Tunisie : la cheffe de cabinet de Kais Saied démissionne au nom de « divergences d’opinion »
En mai 2021, elle s’était trouvée au centre de révélations faites par Middle East Eye, en tant que destinataire d’un plan secret daté du 13 mai expliquant comment le président de la Tunisie Kais Saied allait promulguer l’article 80 de la Constitution lui donnant le contrôle total de l’État.
Son nom est à nouveau apparu hier : Nadia Akacha, cheffe de cabinet du président tunisien et sa très proche conseillère, a annoncé lundi sa démission, invoquant des « divergences d’opinion ».

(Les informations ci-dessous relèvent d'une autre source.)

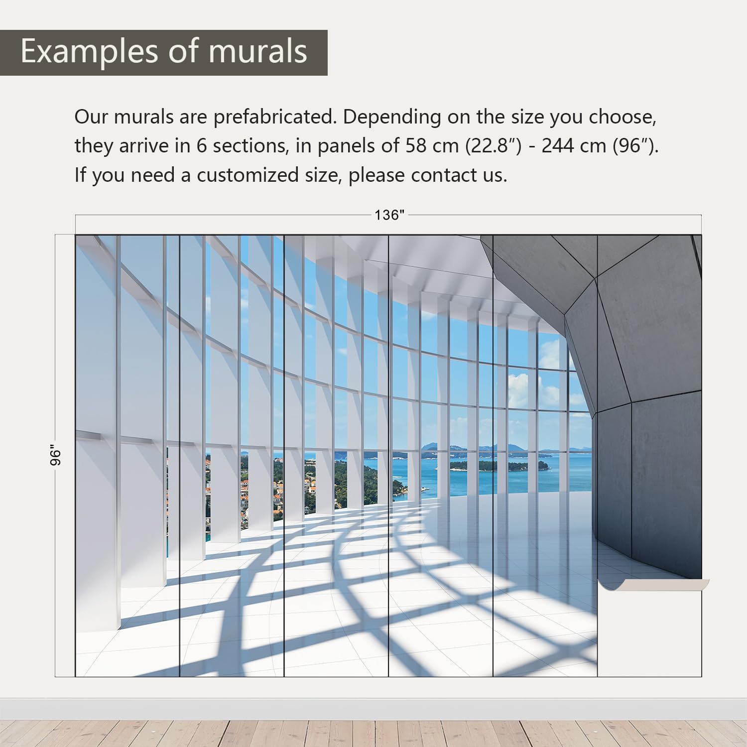 - Size note: Mural measures 136"W x 96"H and is divided into 6 sections, each section is labeled with a number underneath, eliminating the need to overlap patterns when installing.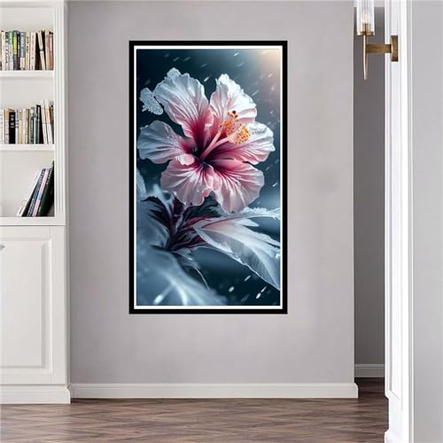 Fleurs d'Hibiscus Diamond Painting, 5D DIY Grand format Diamant Painting Kit Complet, Peinture Diamant Artisanat Strass Point de Croix Painting pour Adultes Enfants, Décoration Intérieur 25x45cm A-260

Presque six mois se sont écoulés depuis que le chef de l’État s’est, le 25 juillet, arrogé les pleins pouvoirs, limogeant le chef de gouvernement de l’époque, Hichem Mechichi, et suspendant le Parlement, dominé par le parti islamo-conservateur Ennahdha.
« J’ai décidé de présenter aujourd’hui ma démission au président […] après deux ans de travail », a-t-elle écrit sur sa page Facebook, assurant avoir toujours « travaillé dans l’intérêt de la Tunisie ».
Âgée de 41 ans, elle a expliqué sa décision par des « divergences fondamentales de points de vue, en relation avec l’intérêt » du pays, sans fournir d’autres précisions.
Citant des sources bien informées, le média basé à Londres Arabi21 a rapporté que cette démission était due au fait que le chef d’état-major de l’armée Mohamed El Ghoul avait rejeté sa demande d’arrestation du président du Parlement et leader d’Ennahdha Rached Ghannouchi.
Nadia Akacha, juriste de formation, qui évite de parler à la presse, est très proche du président Saied et l’accompagnait dans tous ses déplacements depuis son élection en octobre 2019.
Elle avait été nommée conseillère juridique au sein du cabinet présidentiel fin 2019 avant de devenir en janvier 2020 la directrice du cabinet du président.
Titulaire d’un doctorat en droit public, elle est spécialiste en droit constitutionnel. Elle a été chercheure associée à l’Institut Max Planck de droit public et international comparé à Heidelberg (Allemagne).
La crainte d’une dérive autoritaire
Même si un gouvernement de technocrates mené par une femme, Najla Bouden, a été formé en novembre, c’est le président qui dirige le pays par décrets.
Ses opposants ont dénoncé un « coup d’État » et des ONG tunisiennes et internationales ont dit craindre une dérive autoritaire.
Le 13 décembre, Kais Saied a dévoilé une feuille de route destinée à sortir de la crise politique, à travers une consultation populaire via une plateforme électronique, un référendum sur la Constitution et de nouvelles législatives en décembre.
Le 14 janvier, dans des scènes d’une violence plus vue à Tunis depuis dix ans, les policiers ont chargé les manifestants à grand renfort de canons à eau et de gaz lacrymogène, et procédé à des dizaines d’arrestations musclées.
Samedi, lors d’un entretien téléphonique, le président français Emmanuel Macron a appelé son homologue à conduire une « transition dans un cadre le plus inclusif possible ».
La veille, le secrétaire général de l’ONU António Guterres a indiqué suivre « avec inquiétude » l’évolution de la situation en Tunisie, appelant à la « restauration complète d’un cadre démocratique institutionnel ».